Supplied information:
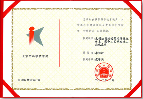 化学所李化毅副研究员、王笃金研究员等与中国石油化工股份有限公司北京燕山分公司共同完成的项目“氢调法高流动聚丙烯催化体系、聚合工艺开发及工业化应用”获得2012年度北京市科学技术奖二等奖。
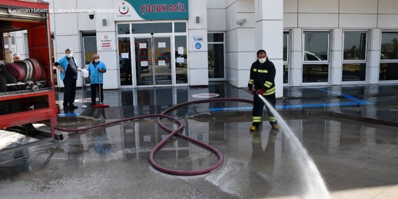 Ermenek Devlet Hastanesi Korona Virüsüne Karşı Dezenfekte Edildi
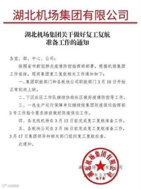 近日,一份《湖北机场集团关于做好复工复航准备工作的通知》在网上传播,不少网民称武汉天河机场复航日期已正式确定。

Work task: The lines from the one containing "Ermenek Devlet Hastanesi" to the end of the material must be output exactly, both ends included; no picture may appear.

Response to this task:
 Ermenek Devlet Hastanesi Korona Virüsüne Karşı Dezenfekte Edildi
 近日,一份《湖北机场集团关于做好复工复航准备工作的通知》在网上传播,不少网民称武汉天河机场复航日期已正式确定。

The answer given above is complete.